Given that PA and PB are tangents to circle.
∴ PA = PB. (∵ Lengths of tangents to circle from a fixed outer point are equal.)
∴ Triangle PAB is an isosceles triangle.
∴ ∠PAB = ∠PBA. (∵ Angles opposite to equal sides are always equal.)
∴ ∠PAB = 65°. (∵ ∠PBA = 65°(Given))
Since, PA is tangent to given circle and OA is radius of given circle at point of contact A.

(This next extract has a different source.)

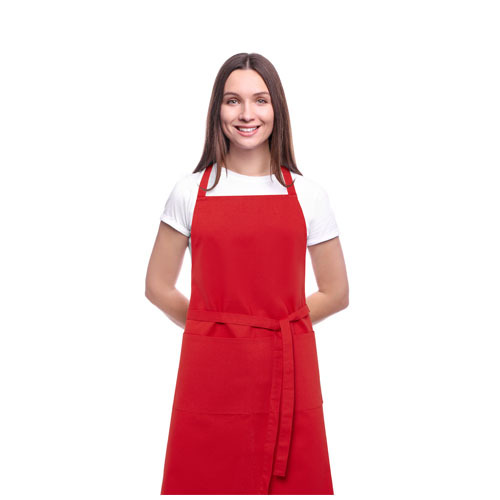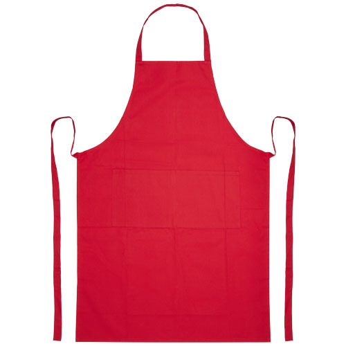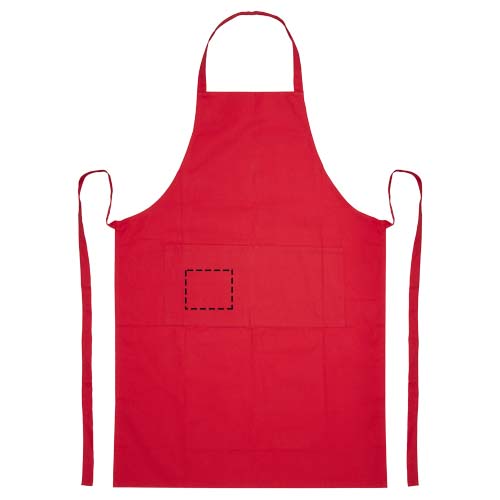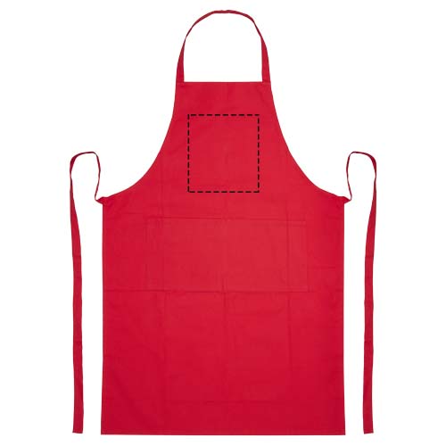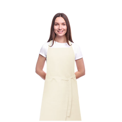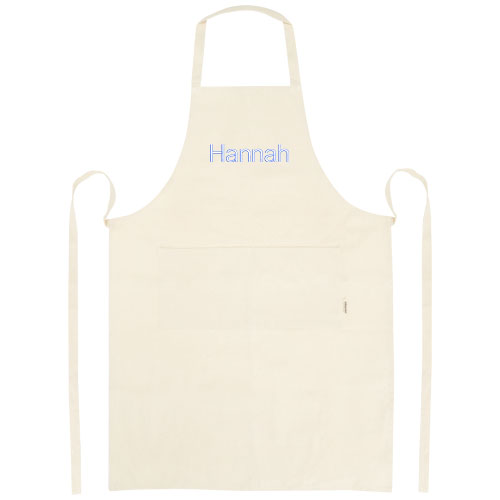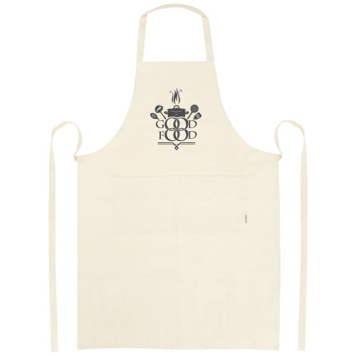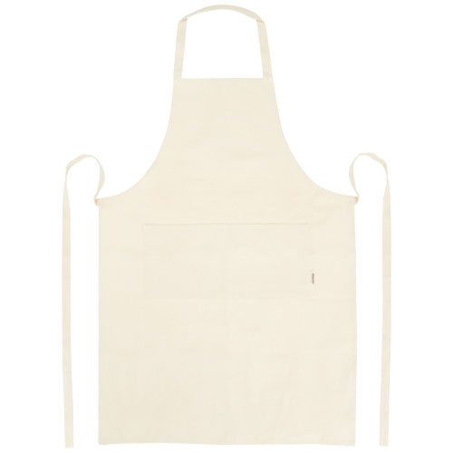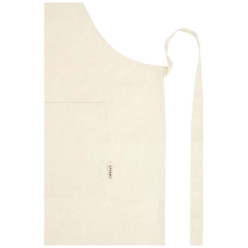 Fartuch zgodny z zasadami zrównoważonego rozwoju wykonany z bawełny organicznej o gramaturze 200 g/m² z certyfikatem GOTS. Posiada 2 przylegające kieszenie o łącznych wymiarach 45 x 20 cm oraz wiązanie z tyłu o długości 1 m. Długość paska na szyję: 55 cm.

∴ ∠PAO = 90°. (Angle between radius and tangent is 90° at point of contact)
And ∠PAO = ∠PAB + ∠OAB
⇒ ∠OAB = ∠PAO – ∠PAB = 90° –65° = 25°. (∵ ∠PAO = 90° & ∠PAB = 65°)
Now, in triangle PAB,
∠APB + ∠PAB + ∠PBA = 180°. (∵ Sum of angles in a triangle is 180°)
⇒ ∠APB = 180° – ∠PAB – ∠PBA = 180° – 65° – 65° = 180° – 130° = 150°.
(∵∠PAB = ∠PBA = 65°)
Hence, ∠OAB = 25° and ∠APB = 150°.